Problem to work on: Once the line holding "Introducing the Everlume" is found in the listing below, write it out and each later line exactly, up to and including the one holding "- Сервисы аренды".

Information supplied:
+ + + +

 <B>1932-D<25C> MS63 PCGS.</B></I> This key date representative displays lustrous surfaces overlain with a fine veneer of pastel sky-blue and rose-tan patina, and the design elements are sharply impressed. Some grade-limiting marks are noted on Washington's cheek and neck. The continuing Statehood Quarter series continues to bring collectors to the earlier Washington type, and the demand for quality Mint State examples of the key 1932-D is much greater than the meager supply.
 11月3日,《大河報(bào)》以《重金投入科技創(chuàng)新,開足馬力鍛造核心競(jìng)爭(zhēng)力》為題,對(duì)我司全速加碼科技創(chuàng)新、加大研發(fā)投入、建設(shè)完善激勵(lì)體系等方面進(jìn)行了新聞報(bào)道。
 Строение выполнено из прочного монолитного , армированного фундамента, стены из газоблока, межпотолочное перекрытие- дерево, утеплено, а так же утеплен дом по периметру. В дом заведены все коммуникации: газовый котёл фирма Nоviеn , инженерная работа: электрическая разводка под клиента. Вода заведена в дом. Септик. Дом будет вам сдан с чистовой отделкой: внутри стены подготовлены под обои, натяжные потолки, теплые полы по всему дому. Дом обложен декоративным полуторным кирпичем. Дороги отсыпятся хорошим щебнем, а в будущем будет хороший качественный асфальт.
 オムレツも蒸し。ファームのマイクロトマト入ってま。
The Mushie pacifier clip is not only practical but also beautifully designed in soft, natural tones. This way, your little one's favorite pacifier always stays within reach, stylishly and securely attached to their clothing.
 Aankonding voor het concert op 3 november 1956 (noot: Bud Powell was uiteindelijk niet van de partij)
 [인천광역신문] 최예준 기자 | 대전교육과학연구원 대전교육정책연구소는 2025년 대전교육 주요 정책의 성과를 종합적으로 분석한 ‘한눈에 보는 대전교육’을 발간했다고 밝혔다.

+ + + +

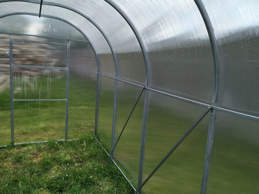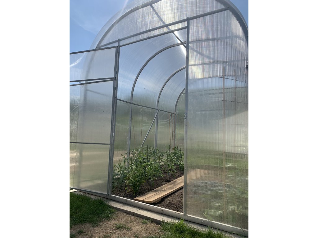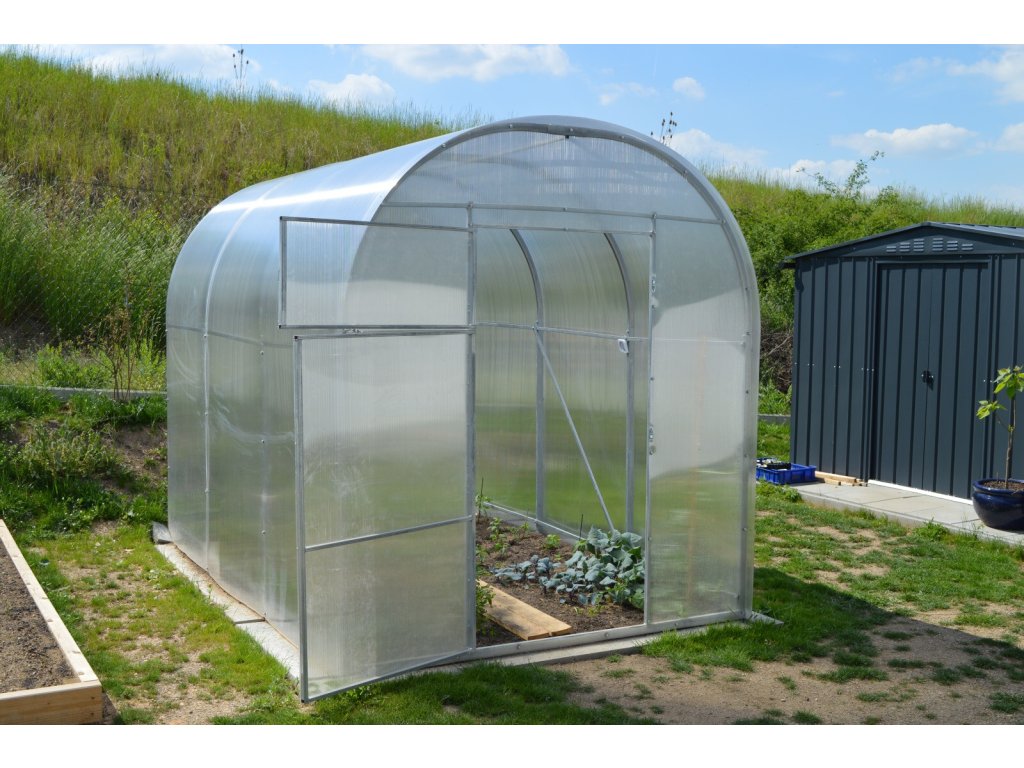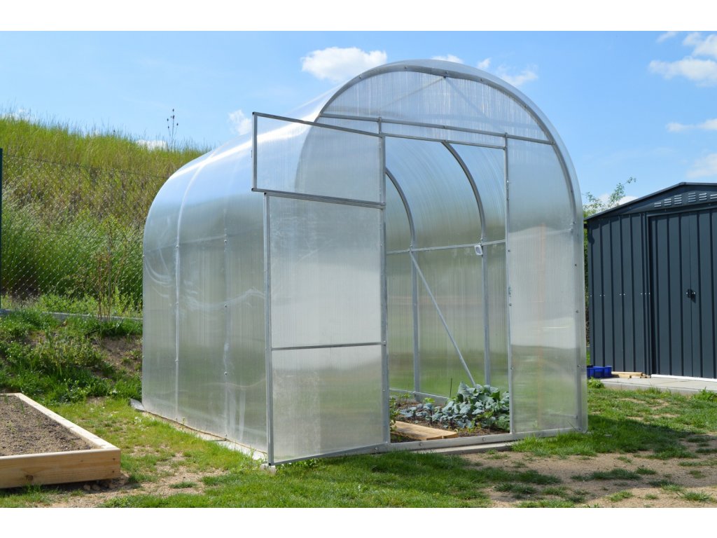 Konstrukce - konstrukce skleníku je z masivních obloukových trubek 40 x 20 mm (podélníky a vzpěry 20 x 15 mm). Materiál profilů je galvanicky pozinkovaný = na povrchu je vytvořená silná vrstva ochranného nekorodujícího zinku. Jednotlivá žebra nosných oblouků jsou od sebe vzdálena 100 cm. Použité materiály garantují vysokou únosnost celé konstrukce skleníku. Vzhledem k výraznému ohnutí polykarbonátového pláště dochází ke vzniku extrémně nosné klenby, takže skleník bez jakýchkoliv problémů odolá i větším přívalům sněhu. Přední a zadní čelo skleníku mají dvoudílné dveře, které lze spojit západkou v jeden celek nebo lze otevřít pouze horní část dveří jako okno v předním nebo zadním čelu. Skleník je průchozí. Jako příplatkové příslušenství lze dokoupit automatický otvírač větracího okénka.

+ + + +

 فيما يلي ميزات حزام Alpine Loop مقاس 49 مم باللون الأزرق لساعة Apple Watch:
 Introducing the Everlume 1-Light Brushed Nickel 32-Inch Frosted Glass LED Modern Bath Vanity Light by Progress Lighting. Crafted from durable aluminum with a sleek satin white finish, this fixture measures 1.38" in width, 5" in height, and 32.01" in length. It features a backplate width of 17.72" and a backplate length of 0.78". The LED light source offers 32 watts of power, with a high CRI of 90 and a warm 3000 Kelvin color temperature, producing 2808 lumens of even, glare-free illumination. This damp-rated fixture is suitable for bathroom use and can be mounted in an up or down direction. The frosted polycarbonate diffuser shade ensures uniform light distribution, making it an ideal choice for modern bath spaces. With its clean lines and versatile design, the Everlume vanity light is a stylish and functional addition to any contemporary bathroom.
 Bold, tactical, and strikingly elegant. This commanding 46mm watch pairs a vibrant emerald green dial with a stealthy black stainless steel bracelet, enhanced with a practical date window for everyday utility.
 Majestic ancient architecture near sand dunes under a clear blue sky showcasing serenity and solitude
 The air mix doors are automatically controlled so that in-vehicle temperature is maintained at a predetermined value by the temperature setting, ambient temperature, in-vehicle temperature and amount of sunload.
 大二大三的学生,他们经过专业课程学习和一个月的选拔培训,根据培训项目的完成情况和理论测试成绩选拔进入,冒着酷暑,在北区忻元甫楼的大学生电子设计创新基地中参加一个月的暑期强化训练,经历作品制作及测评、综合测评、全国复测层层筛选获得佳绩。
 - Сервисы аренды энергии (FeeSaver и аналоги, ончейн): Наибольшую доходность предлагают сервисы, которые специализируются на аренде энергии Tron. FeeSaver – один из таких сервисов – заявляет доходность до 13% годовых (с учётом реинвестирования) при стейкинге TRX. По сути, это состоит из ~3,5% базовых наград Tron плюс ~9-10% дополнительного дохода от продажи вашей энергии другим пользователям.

+ + + +

Task solution:
 Introducing the Everlume 1-Light Brushed Nickel 32-Inch Frosted Glass LED Modern Bath Vanity Light by Progress Lighting. Crafted from durable aluminum with a sleek satin white finish, this fixture measures 1.38" in width, 5" in height, and 32.01" in length. It features a backplate width of 17.72" and a backplate length of 0.78". The LED light source offers 32 watts of power, with a high CRI of 90 and a warm 3000 Kelvin color temperature, producing 2808 lumens of even, glare-free illumination. This damp-rated fixture is suitable for bathroom use and can be mounted in an up or down direction. The frosted polycarbonate diffuser shade ensures uniform light distribution, making it an ideal choice for modern bath spaces. With its clean lines and versatile design, the Everlume vanity light is a stylish and functional addition to any contemporary bathroom.
 Bold, tactical, and strikingly elegant. This commanding 46mm watch pairs a vibrant emerald green dial with a stealthy black stainless steel bracelet, enhanced with a practical date window for everyday utility.
 Majestic ancient architecture near sand dunes under a clear blue sky showcasing serenity and solitude
 The air mix doors are automatically controlled so that in-vehicle temperature is maintained at a predetermined value by the temperature setting, ambient temperature, in-vehicle temperature and amount of sunload.
 大二大三的学生,他们经过专业课程学习和一个月的选拔培训,根据培训项目的完成情况和理论测试成绩选拔进入,冒着酷暑,在北区忻元甫楼的大学生电子设计创新基地中参加一个月的暑期强化训练,经历作品制作及测评、综合测评、全国复测层层筛选获得佳绩。
 - Сервисы аренды энергии (FeeSaver и аналоги, ончейн): Наибольшую доходность предлагают сервисы, которые специализируются на аренде энергии Tron. FeeSaver – один из таких сервисов – заявляет доходность до 13% годовых (с учётом реинвестирования) при стейкинге TRX. По сути, это состоит из ~3,5% базовых наград Tron плюс ~9-10% дополнительного дохода от продажи вашей энергии другим пользователям.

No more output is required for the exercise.